Denn was das kleine Hortlingherz, neben ihrem Meister und glänzenden Edelmetallen, noch zum Schmelzen bringt, sind ihre geliebten Ratten, mit denen sie jährlich am großen Reitrattenrennen beim Fest der Schwärme antreten.
Und das nicht von ungefähr. Das Fest der Schwärme ist ein Fest gewidmet für ihre geliebte Göttin, an dem sie ausgelassen und lang feiern. Sie nennen sie schlicht Mutter.

Dahinter verbirgt sich ein uralter weiblicher Feuerdrache umhüllt von rubinbesetzten Schuppen und gewaltigen Schwingen – Sin´drasza die Unersättliche. Ihr flammender Atem war verzehrender als Höllenfeuer und ihr Verlangen nach Gold unstillbar.

Die Hortlinge glauben, dass Sin´drasza zu allen Zeiten über die Schwärme wacht. Denn als die noch frische und wehrlose Zivilisation der Hortlinge ihre ersten Schritte in der Welt versuchte, war sie es, die der scheuen Rasse einst einen Platz zum Überleben bot.

Sin´drasza spürte in ihren winzigen Herzen denselben Drang nach Schätzen, der auch in ihrem innewohnte.
Die Ältesten schlossen mit dem mächtigen Drachen einen magischen Bund. Ein Pakt, an dem alle Schwärme – Hortling wie Drache – über alle Zeitalter hinaus gebunden sein sollten: Sin´drasza und ihre Abkommen würden die Hortlinge vor der rauen Welt beschützen und verstecken. Im Gegenzug dafür sollen ihre Schützlinge den Schatzhort eines jeden Drachen weiter anhäufen.

Denn die Drachen sind zu faul und zu schläfrig, um ständig nach neuen Schätzen zu suchen. Manche taten es noch selbst. Aber die anderen fliegen nur noch zum Fressen hinaus und schlafen auf ihren stetig wachsenden Goldbergen.
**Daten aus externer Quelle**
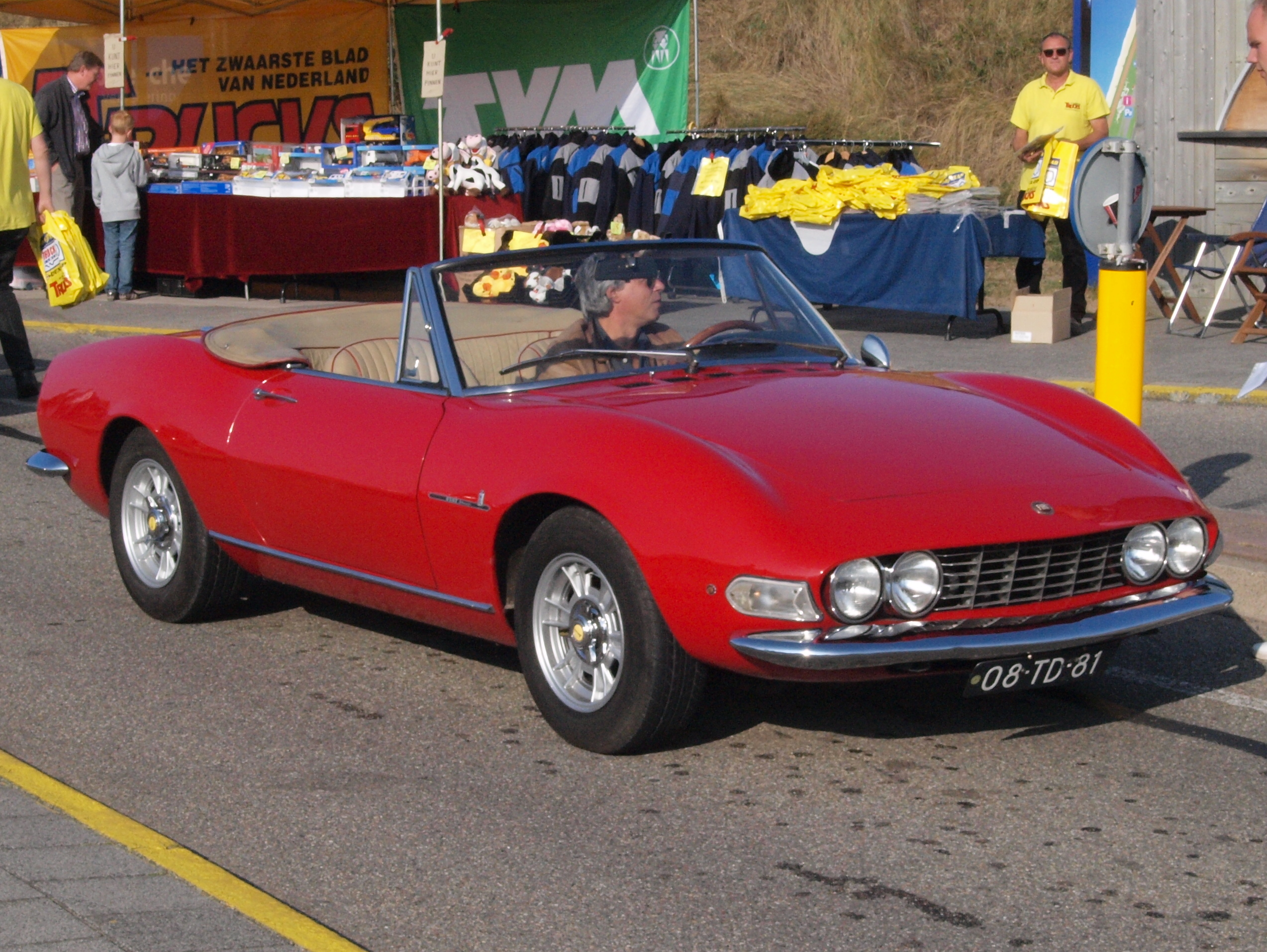 Photographed at the Nationaal Oldtimer Festival Zandvoort 2009, The Netherlands. OLYMPUS DIGITAL CAMERA

Für ihre Aufgabe schenkte Sin´drasza den Hortlingen einen kleinen Teil ihrer magischen Kräfte. Sie erhielten den Mantel der Aspekte, bei denen sie sich für kurze Zeit unsichtbar machen können. Denn auch auf ihren Beutezügen, darf niemand etwas von diesem kleinen Volk erfahren. Dies und dass sie keiner Seele Leid zufügen wollen, sind die obersten Gebote der Hortlinge.

Doch jetzt wurden sie entdeckt. Und ihre Entdeckung wird sich zum Guten oder Schlechten für das gutmütige Volk der Hortlinge wenden.